Tak brzmi prawdziwy głos Britney Spears. Fani publikują wideo sprzed lat
Od kilku dni głośno jest o sprawie Britney Spears, która walczy w sądzie o odzyskanie kontroli nad własnym życiem. Fani stają za nią murem i dzielą się dowodami na jej zniewolenie.
W środę Britney Spears stanęła przed sądem w Los Angeles, by zeznawać w sprawie kurateli jej ojca. Jamie Spears od 13 lat jest opiekunem i pełnomocnikiem swojej dorosłej córki. To prawo dał mu sąd po tym, jak Britney przeszła załamanie nerwowe.
Jednak piosenkarka od lat walczy o odzyskanie władzy nad swoim życiem.
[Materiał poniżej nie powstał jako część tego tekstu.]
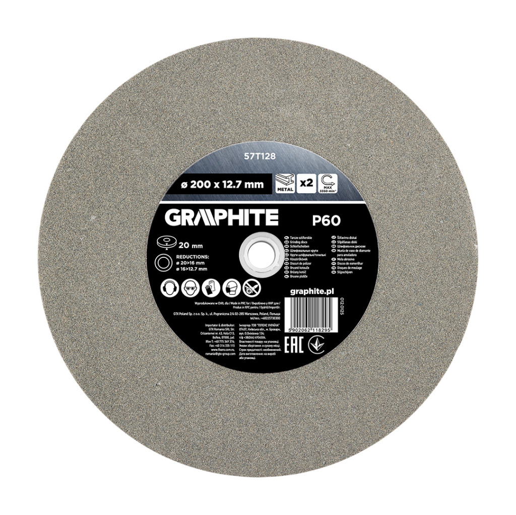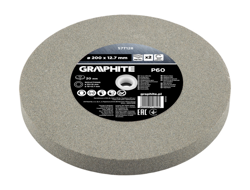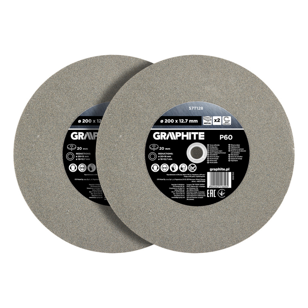 Csiszolókorongok 200 x 20/16/12,7 x 16 mm, szemcseméret P60, 2 db a készletben, külső átmérő 200 mm, a rögzítőfurat belső átmérője 12,7 mm, 20 > 16 és 16 > 12,7 mm-es szűkítőkkel, vastagság: 20 mm, maximális forgási sebesség 3350 ford/perc, alkalmazás: fém
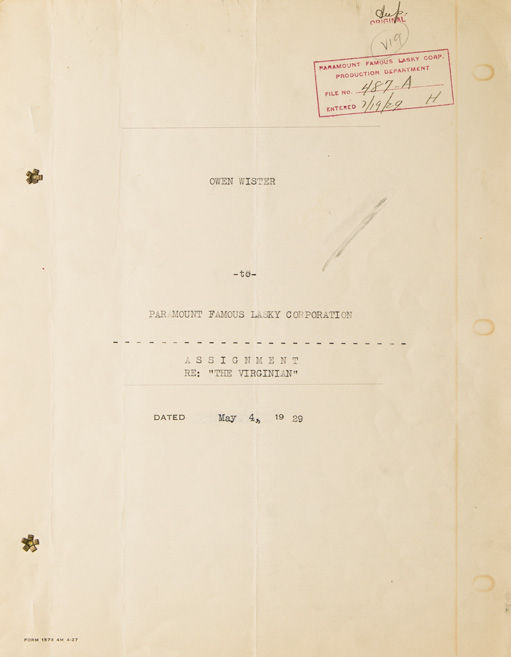 Philadelphia, 1929. 2 pp., docketed. Tan wrappers bound with brass brads, with title typed on upper wrapper, and file stamp of “Paramount Famous Lasky Corp” on upper cover, docketed by Paramount, light creasing and toning. 2 pp., docketed. Wister sells the motion picture rights to THE VIRGINIAN to Paramount, who filmed it the following year with Gary Cooper in the lead. THE VIRGINIAN is considered the first cowboy novel.

W zeznaniach podała wiele szokujących faktów: ojciec kontroluje jej finanse, każe pracować bez względu na zły stan zdrowia, kontroluje to, gdzie i jak mieszka Britney.
Co jeszcze bardziej zatrważające, Britney nie ma kontroli nad własnym ciałem. Ma antykoncepcyjną wkładkę domaciczną, której nie może usunąć u lekarza, bo nie wolno jej zajść w ciążę.
Fani na całym świecie stworzyli ruch #freebritney, który wspiera idolkę w dążeniu do wolności. Teraz na TikToku pojawiło się wideo sprzed 11 lat. To fragment wywiadu z piosenkarką, podczas którego mówi o swoim podziwie dla Madonny. Śpiewa fragment "Like a Prayer".
Fani do razu podchwycili to, jak inaczej brzmi jej głos. Zazwyczaj jest wysoki i niemal dziecinny, tutaj jest dojrzały i głęboki. To spowodowało, że pojawiła się teoria, że sceniczny głos Spears to efekt kontroli jej ojca. Jamie Spears rzekomo chce jak najdłużej wykorzystać wizerunek niewinnej lolitki, bo to może się sprzedać.
To bardzo podobna sytuacja do tego, co wyznała Paris Hilton w dokumencie o swoim życiu. Tam także wyjawiła, że jej charakterystyczna maniera i głos powstały jedynie na potrzeby wizerunku "głupiej blondynki". W rzeczywistości ma bardzo niski głos.